Russell sees two main problems. “First, our behavior is so far from rational that figuring out our true basic preferences can be extremely difficult,” he says. AI systems will have to talk about a hierarchy of long-term, medium-term and short-term goals - about the myriad of preferences and obligations with which we are entangled. To help us (and avoid gross mistakes), robots will have to understand the foggy networks of our subconscious beliefs and fuzzy desires.
Secondly, human preferences are changing. Our mind evolves throughout our lives, but, in addition, it can change instantly, depending on our mood or changed circumstances, and the robot will be forced to take all this into account.
In addition, our actions do not always correspond to our ideals. People are capable of simultaneously adhering to conflicting values. The implementation of which should be optimized for the robot? So that it doesn’t happen that it serves the worst of our impulses (or, worse, amplifies these impulses, like the aforementioned YouTube algorithm , thereby facilitating their satisfaction), the robot does not interfere with figuring out what Russell calls our meta-preferences - "preferences regarding the acceptability or unacceptability of certain processes of changing preferences." How do we capture changes in our mood? To understand this, the poor robot will have to sweat.
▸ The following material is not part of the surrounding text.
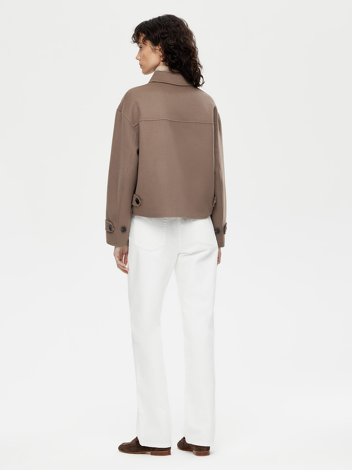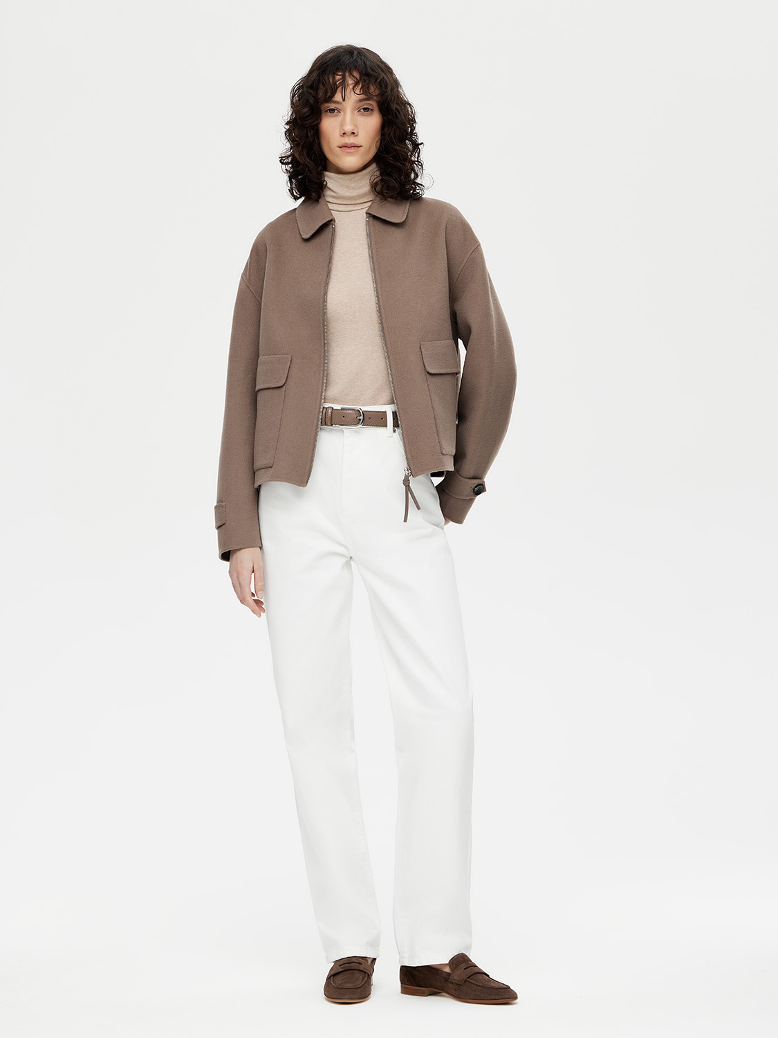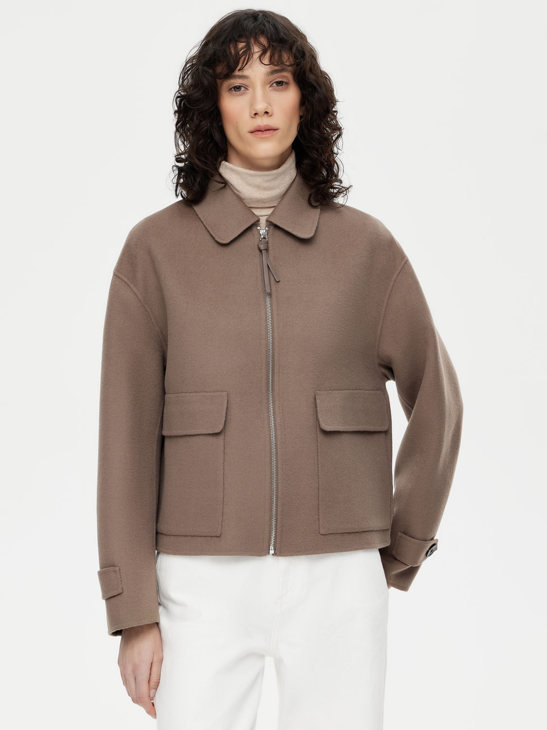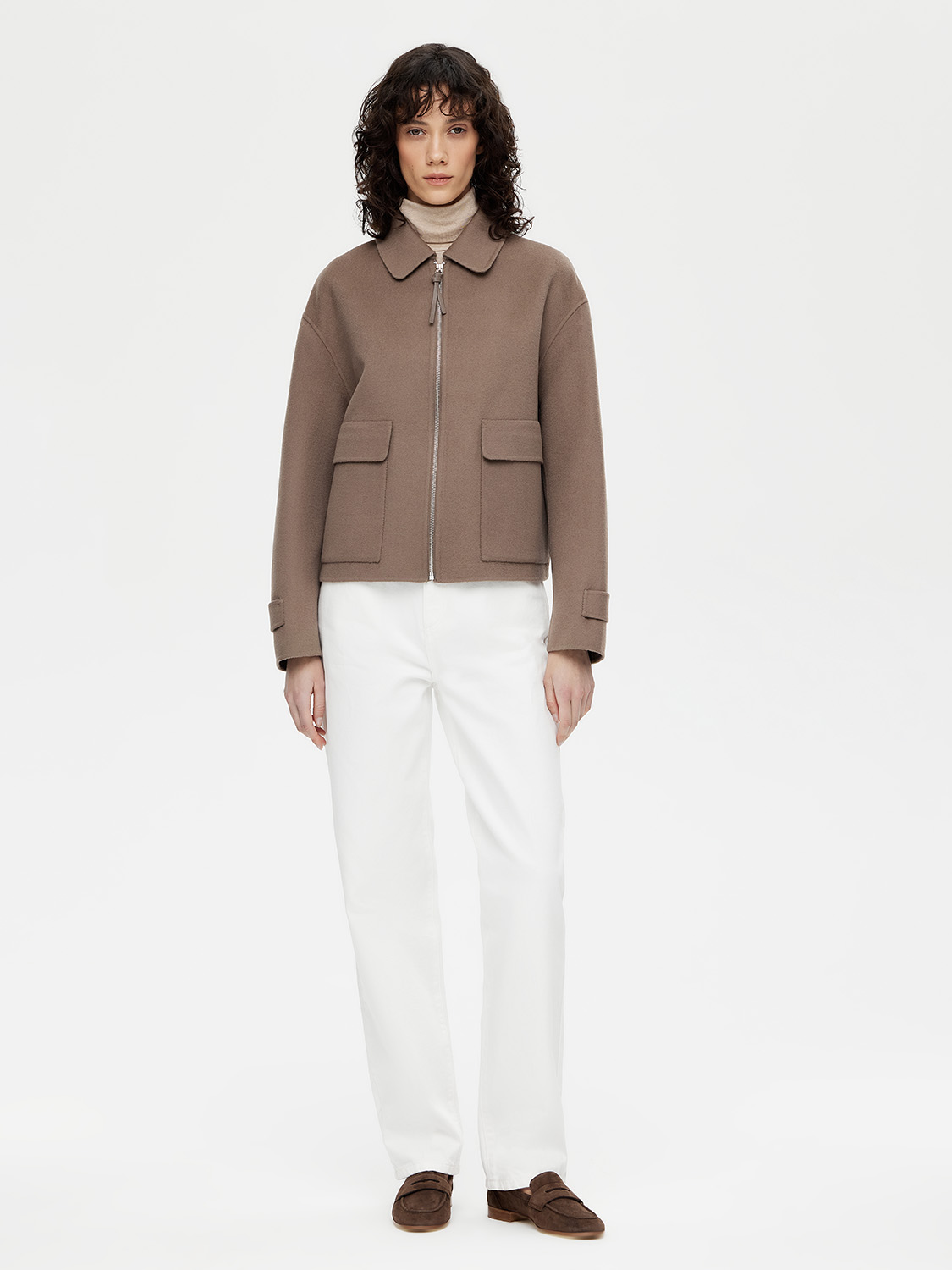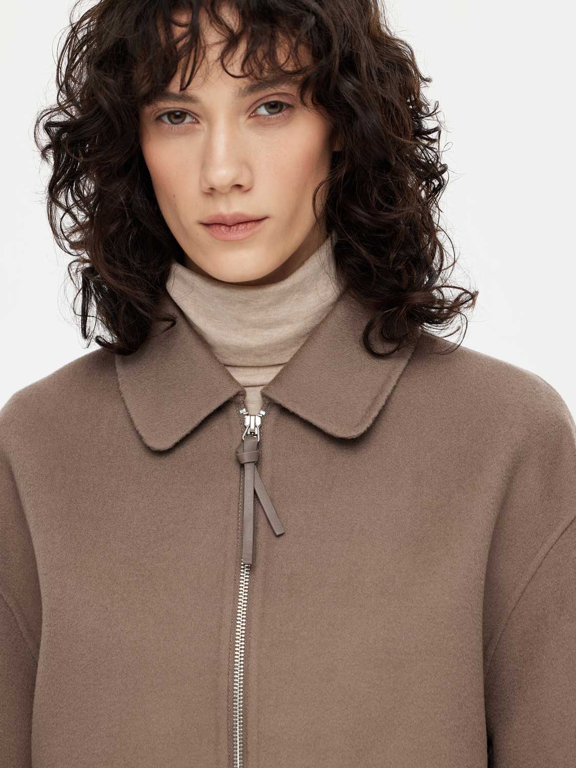 Лаконичное полупальто на молнии из тонкой и мягкой шерсти австралийского мериноса, которая напоминает кашемир. Пальто без подкладки, но два слоя ткани, прошитые невидимой строчкой по технологии double face, делают модель невероятно теплой и при этом очень легкой. Внутренние и часть внешних швов выполнены вручную. Застежка на молнии с собачкой, декорированной натуральной кожей. Накладные карманы с клапанами, отложной воротник и паты на рукавах добавляют акцентов. На модели размер S. Параметры модели: рост 177, 72-57-87.

Like robots, we strive to find out our preferences (what they are now and how we want to see them in the future), as well as the way eliminate ambiguities and contradictions. Similar to the best possible AI, we seek in addition - at least some of us, at some points in time - to understand the “form of good”, as the philosopher Plato called the subject of knowledge. Like us, AI systems can, trying to answer questions, freeze forever - or in the off state, wait for results if insecurity made it impossible to act as an assistant.
“I don’t I hope, ”says Cristiano,“ that in the near future we will be able to firmly establish what is good, or to get perfect answers to any empirical questions that we face. ” However, I hope that the AI systems we create will be able to answer these questions in the same way as people, and iteratively improve the answers that people have already received - at least sometimes. ”
But in the short list compiled by Russell, it is worth including another, third in a row, important problem: what about the preferences of bad people? What will keep the robot from realizing the vile goals of its evil owner? The AI system strives to circumvent prohibitions in the same way that a rich man finds loopholes in tax legislation, so simply prohibiting her from committing crimes will probably be useless.
You can thicken colors: what if are we all kind of bad? That recommendation algorithm, which is struggling to fix YouTube , is built, anyway, taking into account the ubiquitous human impulses.
However, Russell is optimistic. Although it requires additional algorithms and further development of game theory, his intuition tells him that developers will be able to cope with harmful preferences and that the same approach that is designed for robots can be useful even "in raising children, school and university education, and so on. ". In other words, we could, by teaching robots good, find a way to educate ourselves. “It seems to me,” Russell adds, “that we are on the right track.”